California Rules of Court, rule 8.1115(a), prohibits courts and parties from citing or relying on opinions not certified for publication or ordered published, except as specified by rule 8.1115(b). This opinion has not been certified for publication or ordered published for purposes of rule 8.1115.

(Los Angeles County Super. Ct. No. YC065531)

APPEAL from a judgment of the Superior Court of Los Angeles County, Ramona G. See, Judge. Affirmed.

Kenneth D. Sisco for Plaintiff and Appellant First Southern Capital Development Corporation.

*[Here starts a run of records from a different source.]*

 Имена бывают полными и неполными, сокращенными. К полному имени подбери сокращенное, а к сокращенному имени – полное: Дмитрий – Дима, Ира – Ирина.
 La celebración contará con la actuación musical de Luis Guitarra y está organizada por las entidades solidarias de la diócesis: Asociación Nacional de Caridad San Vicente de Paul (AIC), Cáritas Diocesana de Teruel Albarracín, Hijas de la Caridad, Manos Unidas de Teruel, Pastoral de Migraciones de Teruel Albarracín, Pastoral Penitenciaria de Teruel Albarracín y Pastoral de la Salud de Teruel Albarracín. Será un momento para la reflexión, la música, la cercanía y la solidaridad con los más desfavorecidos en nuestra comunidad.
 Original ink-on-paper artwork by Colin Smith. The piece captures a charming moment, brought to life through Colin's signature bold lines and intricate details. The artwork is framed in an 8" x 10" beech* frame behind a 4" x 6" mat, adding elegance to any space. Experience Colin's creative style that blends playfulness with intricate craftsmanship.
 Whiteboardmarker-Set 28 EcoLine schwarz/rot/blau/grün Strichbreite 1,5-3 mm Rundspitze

Gilbert & Sackman, Michael D. Weiner and Benjamin M. O'Donnell for Defendants and Respondents Sheet Metal Workers' Pension Plan of Southern California, Arizona and Nevada; Board of Trustees of the Sheet Metal Workers' Pension Plan of Southern California, Arizona and Nevada; Sheet Metal Benefit Plans Administrative Corporation and Melanie Shepherd.

____________________

First Southern Capital Development Corporation appeals from the judgment entered after the trial court granted summary judgment in favor of Sheet Metal Workers' Pension Plan of Southern California, Arizona and Nevada and related parties1 (collectively Pension Plan) on First Southern's complaint for breach of a lease agreement. The trial court concluded, because First Southern was not a party to the lease or a third party beneficiary of that agreement, as a matter of law it could not prevail on its contract claims for damages. We affirm.

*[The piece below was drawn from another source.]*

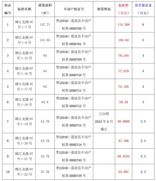 受委托,我公司定于2023年5月31日(星期三)下午14:30在貴州省黔南布依族苗族自治州荔波縣玉屏街道樟江園廣場西側-荔波農商銀行410會議室(荔波縣樟江西路與吉祥路交叉口)公開拍賣以下標的:

FACTUAL AND PROCEDURAL BACKGROUND
1. The Commercial Lease

Pension Plan owns Manhattan Plaza, an office building located in Manhattan Beach. In June 2009 Pension Plan entered into a new five-year lease with Aviation Mortgage Partners, Inc., doing business as Milestone Mortgage. Richard Thomas andDenise Thomas, Aviation Mortgage's shareholders and executive officers, personally guaranteed the lease on Aviation Mortgage's behalf.

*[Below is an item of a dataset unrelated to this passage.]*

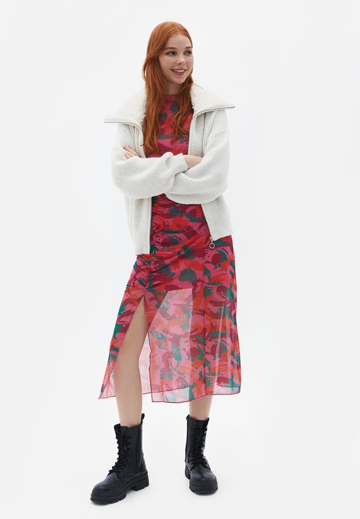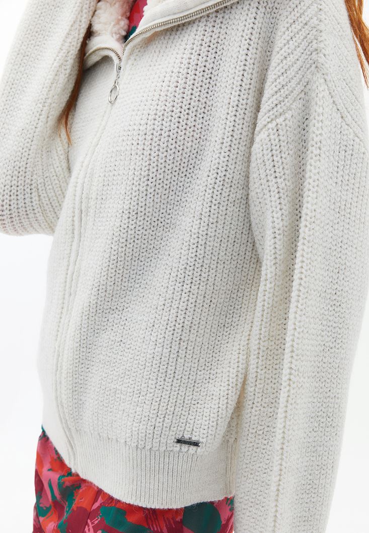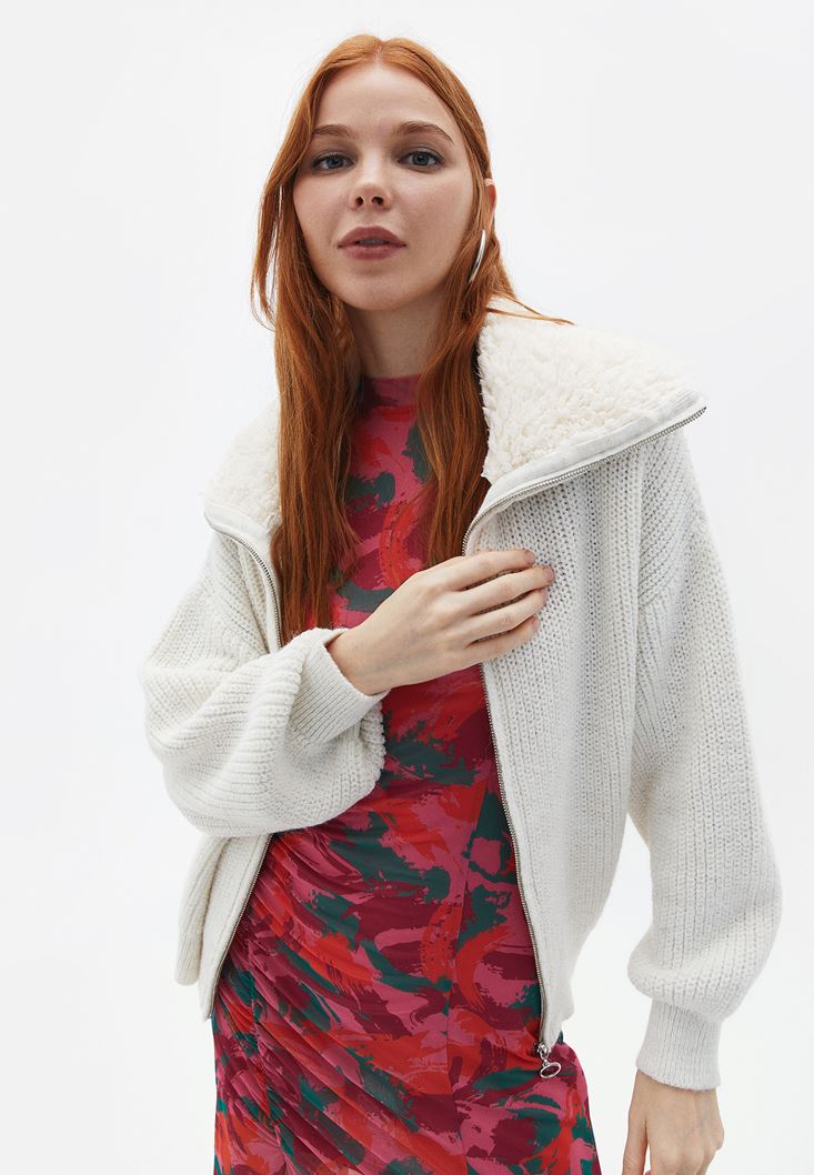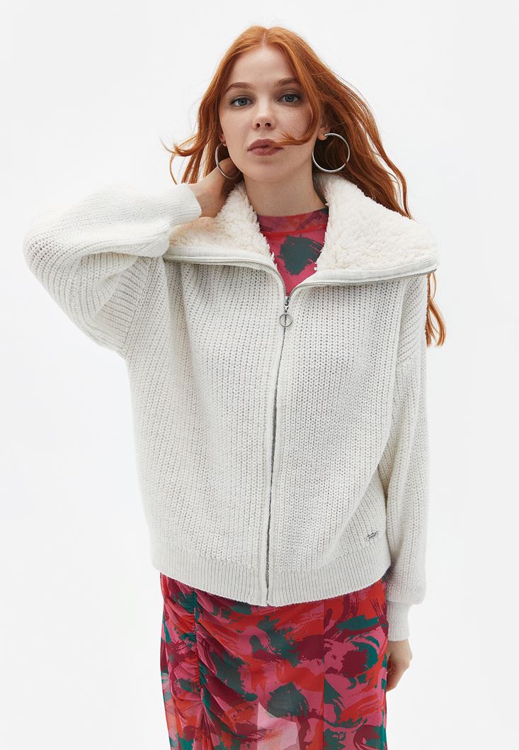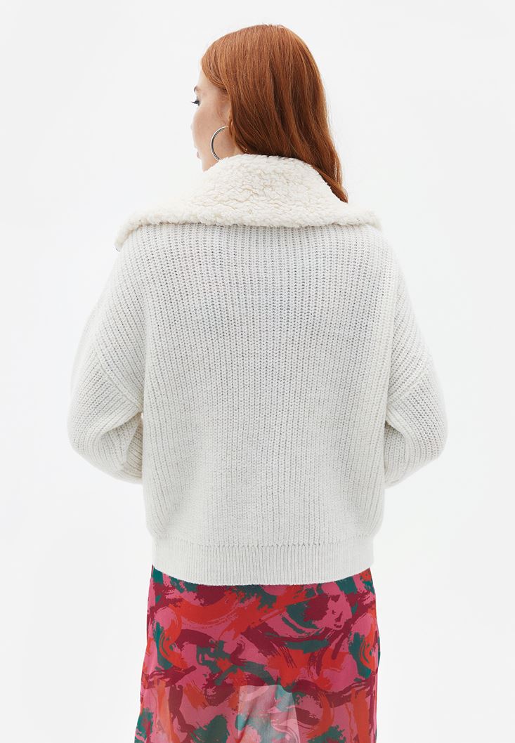 Vegan kürk yakalı, fitilli triko örgü, fermuar kapamalı, bedene yakın relax fit, polo yaka.

The lease prohibited assignment or transfer by the tenant of its interest in the lease without the written consent of the landlord, "which consent shall not be unreasonably withheld or delayed." In the event of a merger or sale of all the tenant's assets, the lease provided the tenant could seek approval by giving timely notice to the landlord of the proposed assignment and providing the landlord with "detailed financial information (including references) regarding the creditworthiness and financial condition of the proposed assignee . . . and such other information and documentation as the Landlord may require," including new lease guarantees or "lease guarantor estoppel certificates, affirmations and agreements." In connection with the landlord's covenant not to withhold its consent to assignment unreasonably, the lease specified, "[T]he Landlord's withholding or delaying approval will be deemed reasonable if it is based on . . . Landlord's good faith analysis of the prospective assignee'[s], sublessee's or other transferee's credit, character and business or professional standing."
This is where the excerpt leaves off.